**DATA EXCERPT**.
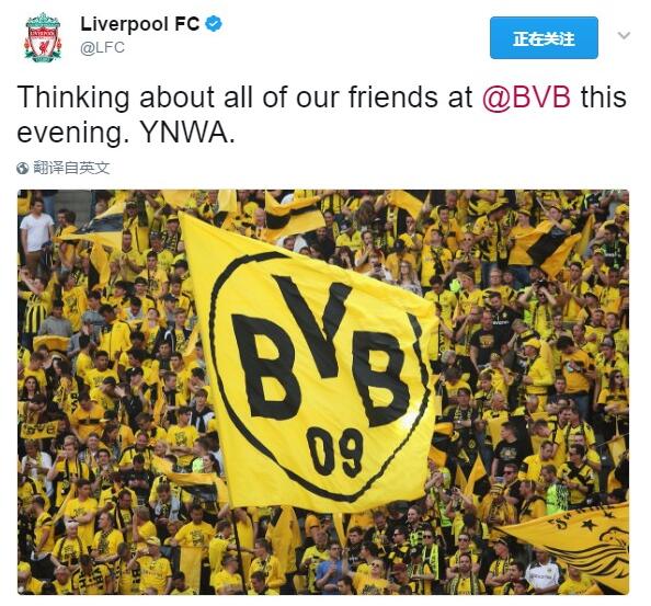 与多特渊源颇深的利物浦官推:今晚想着我们在多特蒙德的所有朋友们。
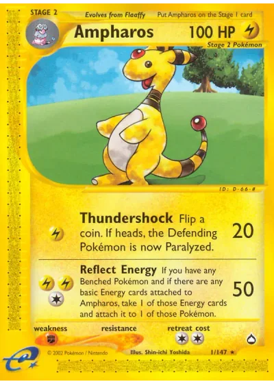 If you have any Benched Pokémon and if there are any basic Energy cards attached to Ampharos, take 1 of those Energy cards and attach it to 1 of those Pokémon.
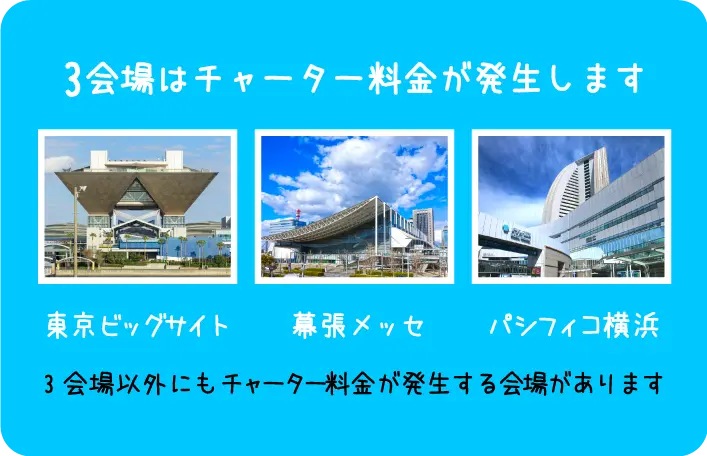 東京ビッグサイト、幕張メッセ、パシフィコ横浜の場合、必ず別途チャーター料金が発生します。

**WORK ORDER**. What is needed is every line from the one with "If you have" to the final line of the listing above, set down exactly and with the pictures left out.

**REPLY**.
 If you have any Benched Pokémon and if there are any basic Energy cards attached to Ampharos, take 1 of those Energy cards and attach it to 1 of those Pokémon.
 東京ビッグサイト、幕張メッセ、パシフィコ横浜の場合、必ず別途チャーター料金が発生します。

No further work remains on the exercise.